Your task is very simple. You need to check if a config tag is set to the color green. At first, you come up with the following solution:
$colorTag = 'color_green';
$actualColor = 'green';
if (strpos($colorTag, $actualColor)) {
return true;
}
The job is done and now you can reward yourself with a hot coffe. After a while you realize that your application background is not green anymore and you don’t know why. You are pretty sure that somebody messed up while administrating the app and you start asking people about what was changed since it last worked.
After a while you find out that color_green
was changed to green
because it doesn’t make sense to have two names with the same meaning.
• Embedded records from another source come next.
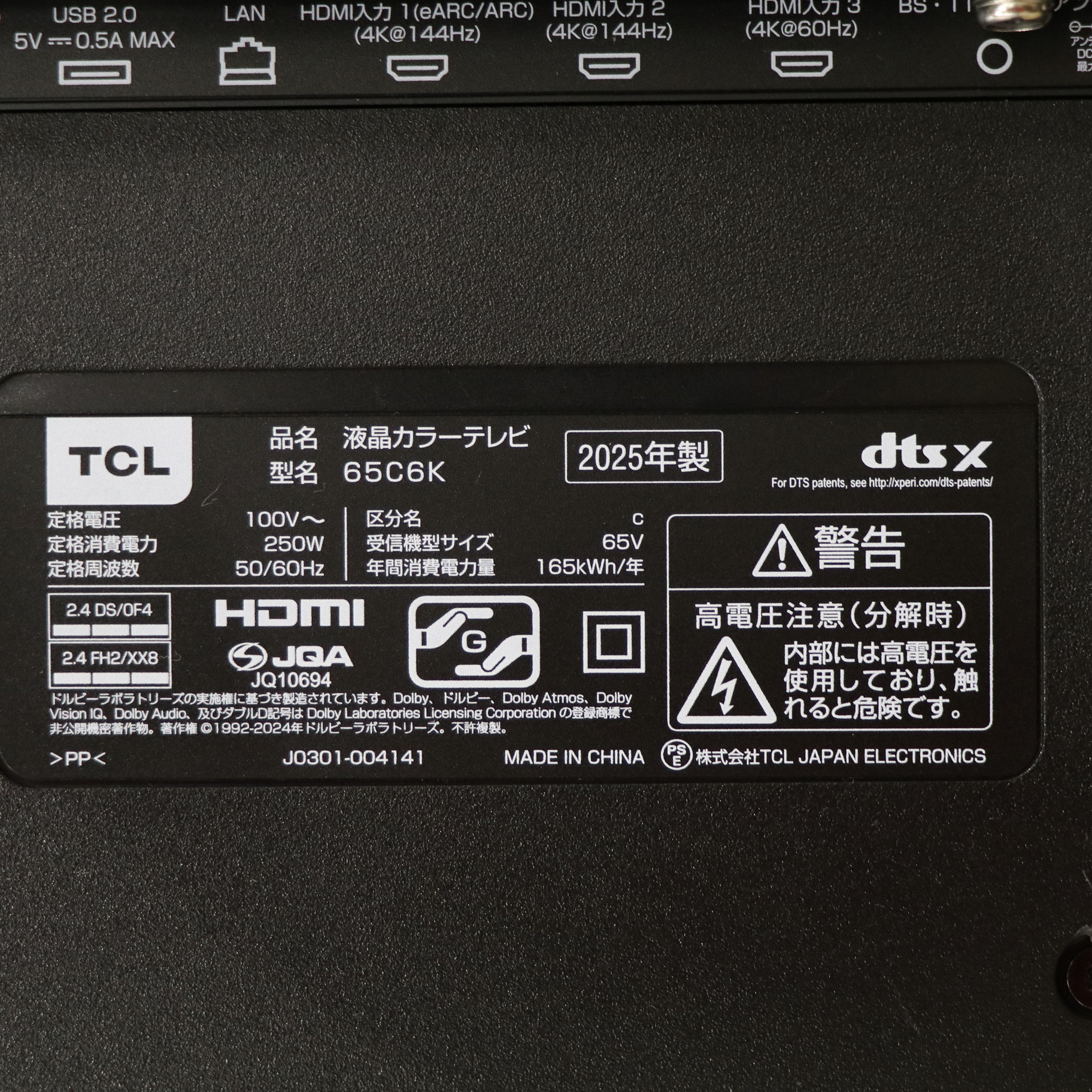 〔展示品〕 液晶テレビ C6Kシリーズ 65C6K [65V型 /Bluetooth対応 /4K対応 /BS・CS 4Kチューナー内蔵 /YouTube対応]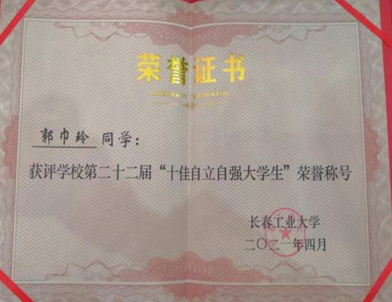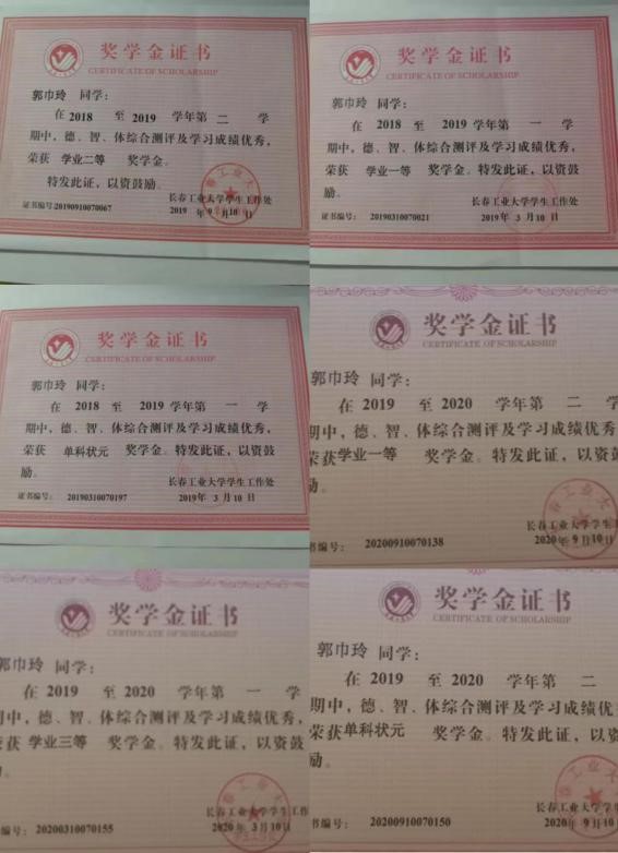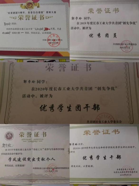 在校期间,曾获得2次国家励志奖学金,9次学业奖学金,3次单科状元;获得2020年度“长春市优秀共青团员”称号、快看漫画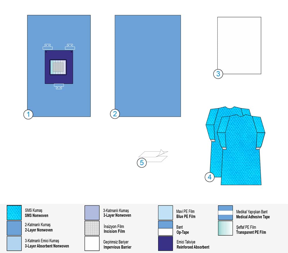 Висококачествен стерилен нетъкан ламиниран текстил. Висока абсорбционна способност и непромокаемост. |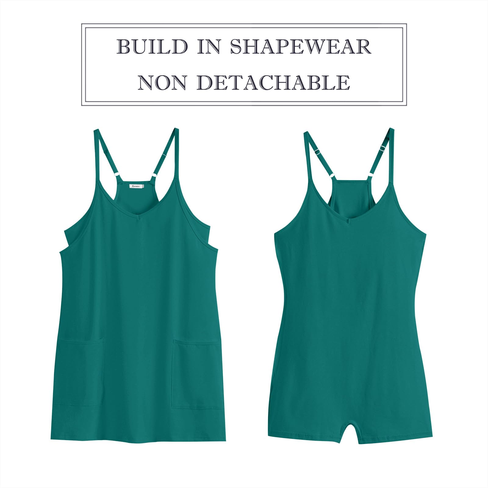 - Features - This workout mini dress build in shapewear featured spaghetti straps, V neck, patch pockets, solid color, making it perfect for staying cool and stylish during hot summer days.

You are still not getting why it is not working as intended.
As we all know, strpos
returns the position of a needle in a haystack,if found, and false
if the needle is not found. The catch is that the first position is 0
, and 0 == false
.
If we write it like this, it automatically make sense:
$colorTag = 'green';
$actualColor = 'green';
$position = strpos($colorTag, $actualColor); // 0
if ($position != false) {
return true;
}
To keep away from this types of bugs you should always be explicit about what you are checking and always use strict comparisons:
if (strpos($haystack, $needle) !== false)
If you think that using ===/!==
is too much because none of your Python or Java friends are using them, then you neeed to memorize the loose comparisons table.